TASK GOAL -
Please give back, exactly as written, the lines from the line with "9日午前に勢力のピーク「950hPa」で近畿・東海の太平洋沿岸部に近づく予想 気象庁発表(7日午前7時 記事更新)" to the line with "Inspired by classic" in the listing below, leaving out all pictures.

AVAILABLE DATA -
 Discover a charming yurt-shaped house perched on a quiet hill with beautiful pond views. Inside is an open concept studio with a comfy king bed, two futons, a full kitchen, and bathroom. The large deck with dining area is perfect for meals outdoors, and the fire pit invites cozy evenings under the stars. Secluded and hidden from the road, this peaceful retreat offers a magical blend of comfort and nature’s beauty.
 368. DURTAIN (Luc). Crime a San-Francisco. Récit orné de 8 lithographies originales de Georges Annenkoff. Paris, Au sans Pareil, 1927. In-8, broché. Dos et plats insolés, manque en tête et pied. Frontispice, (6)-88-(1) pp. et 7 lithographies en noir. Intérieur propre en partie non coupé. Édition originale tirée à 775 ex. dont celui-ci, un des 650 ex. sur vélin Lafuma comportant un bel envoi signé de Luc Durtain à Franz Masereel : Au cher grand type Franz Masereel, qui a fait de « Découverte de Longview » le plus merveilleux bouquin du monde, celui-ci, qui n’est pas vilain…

...

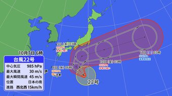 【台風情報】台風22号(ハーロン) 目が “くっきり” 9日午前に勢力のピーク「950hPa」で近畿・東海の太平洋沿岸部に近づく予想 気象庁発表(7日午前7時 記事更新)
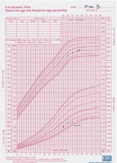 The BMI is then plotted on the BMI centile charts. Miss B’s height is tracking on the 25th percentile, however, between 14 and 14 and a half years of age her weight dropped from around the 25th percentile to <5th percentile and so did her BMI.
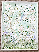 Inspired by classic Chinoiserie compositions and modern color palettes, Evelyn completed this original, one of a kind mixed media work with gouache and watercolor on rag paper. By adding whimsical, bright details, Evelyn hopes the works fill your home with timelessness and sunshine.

---

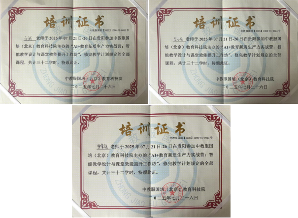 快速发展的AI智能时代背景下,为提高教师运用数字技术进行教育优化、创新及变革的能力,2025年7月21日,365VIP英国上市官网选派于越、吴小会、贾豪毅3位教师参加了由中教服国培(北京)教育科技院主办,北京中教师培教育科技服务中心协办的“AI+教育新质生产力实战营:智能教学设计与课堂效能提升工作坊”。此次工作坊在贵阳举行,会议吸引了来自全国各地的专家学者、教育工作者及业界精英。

ANSWER FOR THE TASK -
 【台風情報】台風22号(ハーロン) 目が “くっきり” 9日午前に勢力のピーク「950hPa」で近畿・東海の太平洋沿岸部に近づく予想 気象庁発表(7日午前7時 記事更新)
 The BMI is then plotted on the BMI centile charts. Miss B’s height is tracking on the 25th percentile, however, between 14 and 14 and a half years of age her weight dropped from around the 25th percentile to <5th percentile and so did her BMI.
 Inspired by classic Chinoiserie compositions and modern color palettes, Evelyn completed this original, one of a kind mixed media work with gouache and watercolor on rag paper. By adding whimsical, bright details, Evelyn hopes the works fill your home with timelessness and sunshine.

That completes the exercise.